## DATA RECORDS
--- START ---
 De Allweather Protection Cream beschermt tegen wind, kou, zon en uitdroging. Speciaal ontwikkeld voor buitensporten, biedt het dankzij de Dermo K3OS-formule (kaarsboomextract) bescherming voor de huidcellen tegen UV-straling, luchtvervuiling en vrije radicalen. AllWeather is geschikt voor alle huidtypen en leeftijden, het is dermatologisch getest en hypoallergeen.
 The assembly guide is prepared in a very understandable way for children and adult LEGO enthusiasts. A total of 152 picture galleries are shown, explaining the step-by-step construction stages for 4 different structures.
--- END ---
--- START ---
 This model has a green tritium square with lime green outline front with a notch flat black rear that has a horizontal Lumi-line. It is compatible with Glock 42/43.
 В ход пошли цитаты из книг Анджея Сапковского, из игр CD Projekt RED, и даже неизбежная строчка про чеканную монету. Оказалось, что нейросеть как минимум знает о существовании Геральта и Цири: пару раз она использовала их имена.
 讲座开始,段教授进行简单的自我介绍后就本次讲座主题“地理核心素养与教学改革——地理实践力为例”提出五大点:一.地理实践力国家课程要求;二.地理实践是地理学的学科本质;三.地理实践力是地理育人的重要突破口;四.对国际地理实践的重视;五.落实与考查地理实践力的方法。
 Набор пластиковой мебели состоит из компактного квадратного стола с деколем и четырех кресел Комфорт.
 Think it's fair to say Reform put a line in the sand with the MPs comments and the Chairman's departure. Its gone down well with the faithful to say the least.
--- END ---
Reproducing the whole listing above is not the task. Copy exactly only the lines from the one with "В ход пошли" to the one with "Набор пластиковой мебели", both kept.

## RESULT OF THE TASK
 В ход пошли цитаты из книг Анджея Сапковского, из игр CD Projekt RED, и даже неизбежная строчка про чеканную монету. Оказалось, что нейросеть как минимум знает о существовании Геральта и Цири: пару раз она использовала их имена.
 讲座开始,段教授进行简单的自我介绍后就本次讲座主题“地理核心素养与教学改革——地理实践力为例”提出五大点:一.地理实践力国家课程要求;二.地理实践是地理学的学科本质;三.地理实践力是地理育人的重要突破口;四.对国际地理实践的重视;五.落实与考查地理实践力的方法。
 Набор пластиковой мебели состоит из компактного квадратного стола с деколем и четырех кресел Комфорт.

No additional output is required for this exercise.